Нет. Кирилл не хотел. В конце концов, это баня, а не кузнечный цех. Обойдемся и с таким

кирпичом.

—Сгружайте!— приказал он.

Лушка взяла кирпич, легонько стукнула о борт машины. Откололись неровные куски.

—Видал?

—Сгружайте!!

Кириллу стыдно вспоминать, что произошло дальше. Не смущаясь тем, что вокруг стоят

рабочие, Лушка пустила в ход недетские слова, выволокла Кирилла из машины, а шофера

одного отправила в обратный рейс. Над посрамлением начальника потешалась вся бригада…

Долго после этого Кирилл был с Лушкой на ножах,— не мог простить оскорбления. А

потом вдруг нашел простой и легкий способ отместки.

Как-то в обеденный перерыв он увидел, что Лушка, прикрываясь локтем, смотрится в

круглое зеркальце, совсем утонувшее в громадном ее кулаке.

—Красоту наводишь?— спросил он мимоходом.

Лушка быстро сунула зеркальце в карман, обернулась. И тут он увидел, что она —

Свирепый Мамай, которого мужики боятся,— покраснела почти до слез. И глаза ее, два

бутылочных осколочка, смотрели умоляюще, словно просили не смеяться… Этого она

боялась.

С тех пор стоило Кириллу только намекнуть — заговорить о пудре, помаде, завивке,—

Лушка тотчас опускала голову, начинала отвечать шепотом.

Впрочем, он недолго пользовался своим открытием.

На строительстве наступила горячка, половину бригады сняли с бани и перебросили на

другой объект. А тут еще вышел из строя растворный узел. Кирилл растерялся, — как ни

бегай, как ни кричи, а планы летят к чертям. Выручила Лушка.

Пока чинили узел, она наладила приготовление раствора вручную. Сама сколачивала

ящики, учила девчат; злая, красная, растрепанная, с утра до темноты крутилась на стройке,

работала за троих.

А однажды, после особенно суматошного дня, они вместе шли домой. Кирилл искоса

приглядывался к Лушке,— она шагала косолапо, устало покачиваясь. На похудевшем лице

прикрыты глаза, пыль чернеет в морщинах, забытая папироска приклеилась к губе.
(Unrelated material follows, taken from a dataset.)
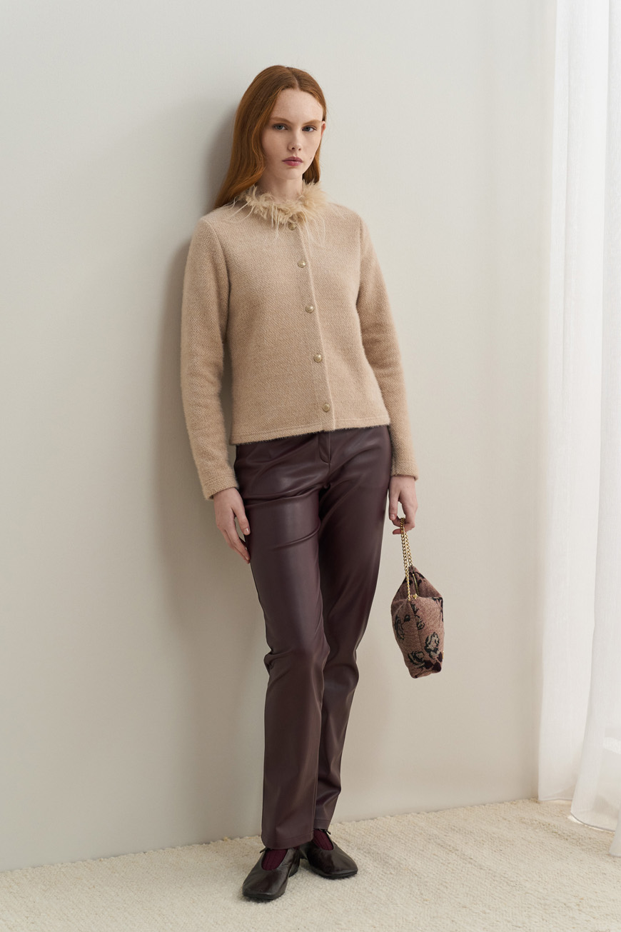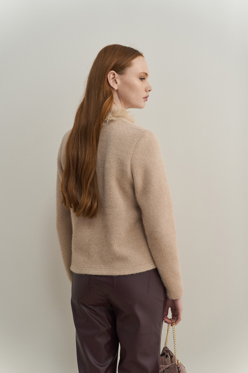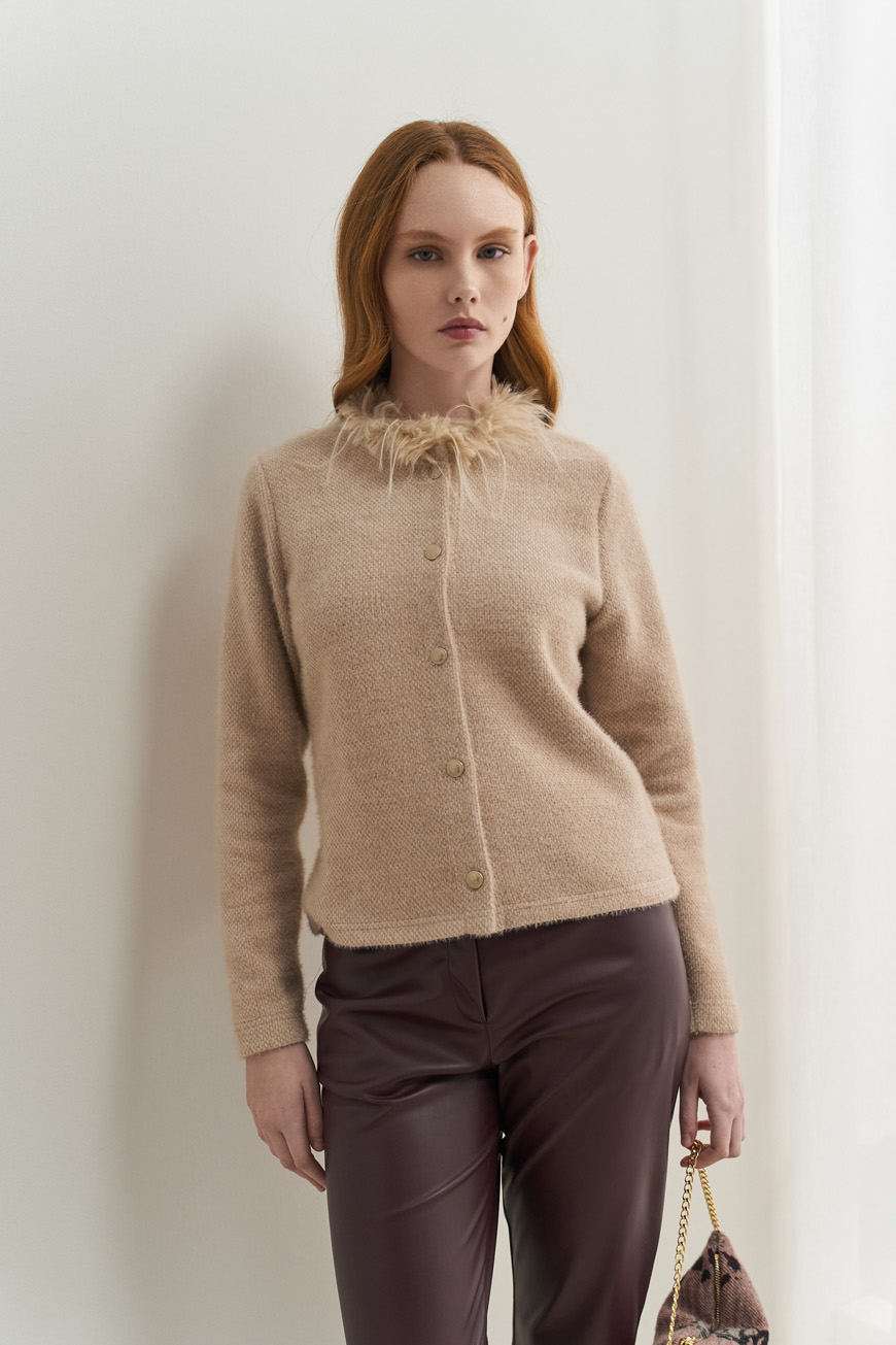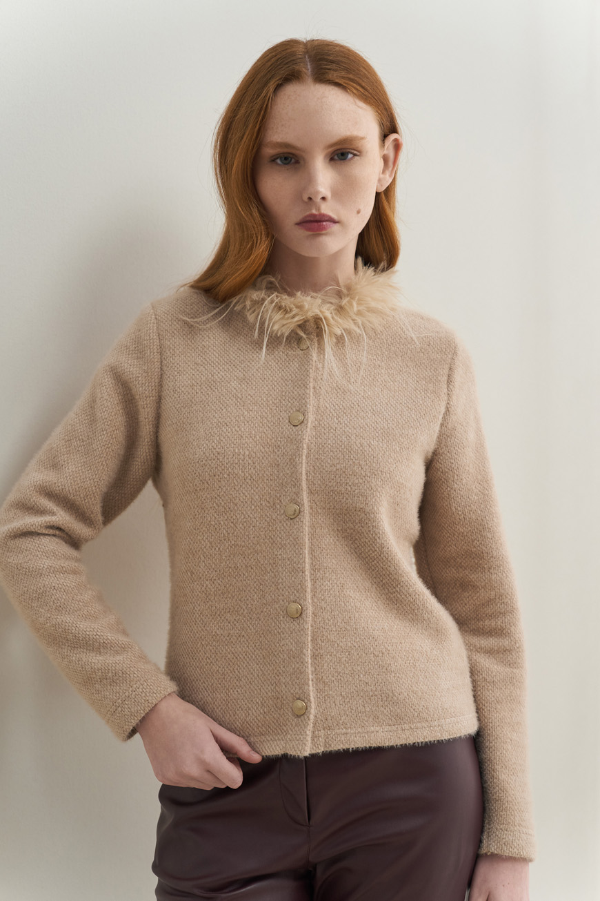 Must-have cardigan made of textured stretch fabric with a detachable accessory

И Кириллу сделалось совестно. Он вспомнил, как насмехался над Лушкиной

неуклюжестью, грубыми ее руками, сутулой спиной. А имел ли он право смеяться?
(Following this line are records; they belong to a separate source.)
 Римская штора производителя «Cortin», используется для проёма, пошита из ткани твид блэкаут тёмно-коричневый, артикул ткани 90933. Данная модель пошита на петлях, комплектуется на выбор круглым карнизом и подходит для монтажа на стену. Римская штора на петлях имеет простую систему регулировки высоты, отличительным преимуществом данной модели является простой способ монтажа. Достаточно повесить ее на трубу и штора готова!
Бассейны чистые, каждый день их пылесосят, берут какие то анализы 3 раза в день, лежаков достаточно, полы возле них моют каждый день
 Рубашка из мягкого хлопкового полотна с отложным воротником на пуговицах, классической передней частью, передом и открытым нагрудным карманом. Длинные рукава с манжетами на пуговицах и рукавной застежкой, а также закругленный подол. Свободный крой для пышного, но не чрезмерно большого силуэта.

Еще в то время, когда он учился и, не зная особых забот, спокойно кончал школу, потом

институт, Лушка уже таскала носилки с раствором и выкладывала стены. Может быть,

Кирилл и живет в том доме, который она построила…

Вероятно, это чувство жалости и снисхождения надолго осталось бы у Кирилла. Он не

был черствым человеком, хотя по молодости своей часто ошибался и судил окружающих

строже, чем следовало.

Но отношение к Лушке опять у него изменилось. В тот вечер они повстречали на улице

молодого, здорового парня,— из тех, про которых говорят, что у них грудь колесом и чуб по

ветру,— и этот парень оказался Лушкиным мужем. За руку он вел мальчишку, такого же

здорового и красивого; они очень походили друг на друга, только у мальчишки глаза были с

раскосинкой и зеленоватого цвета.

Муж и сын поздоровались с Лушкой просто, без восторгов, но было заметно, что они оба

ждали ее и теперь обрадованы этой встречей. А Лушка повеселела, сразу как-то

распрямилась и пошла рядом с ними легко, быстро, и даже грязная рабочая одежда ее отчего-

то сделалась незаметной.

Значит, горькой бабьей доли, о которой думал Кирилл, на самом деле нет? Он выдумал

грустную историю о некрасивой, несчастной женщине, а в жизни все иначе. У Лушки

отличная семья, и, наверно, этот молодой парень любит ее, и живут они просто, дружно и

хорошо.

И все-таки, когда Кирилл вспоминал, как выглядит Лушка на стройке, и затем

представлял ее другой, домашней,— он чувствовал, что не узнал ее до конца, не заметил

чего-то важного, и поэтому не понимает, как относиться к ней и какое место ей отвести.

Впрочем, он скоро сказал себе, что не стоит ломать голову. Все просто, как гвоздь.

Существуют на свете люди, которые всю жизнь остаются на заурядной, черной работе. У них

не хватает способностей подняться выше, и они до старости работают каменщиками,

малярами, дворниками. Такова и Лушка. При всех ее странностях ясно одно: это маленький,

недалекий человечек, и должность бригадира комплексной бригады — вершина для нее. И

Кирилл перестал интересоваться Лушкой. По-прежнему бывали стычки, но теперь они мало

затрагивали Кирилла. У него было твердое отношение к бригадиру Сапоговой, и ее грубости

он сносил терпеливо, как сносят досадные, но временные неудобства.

Он уйдет, Лушка останется на прежнем месте. У них разные дороги, и делить им нечего.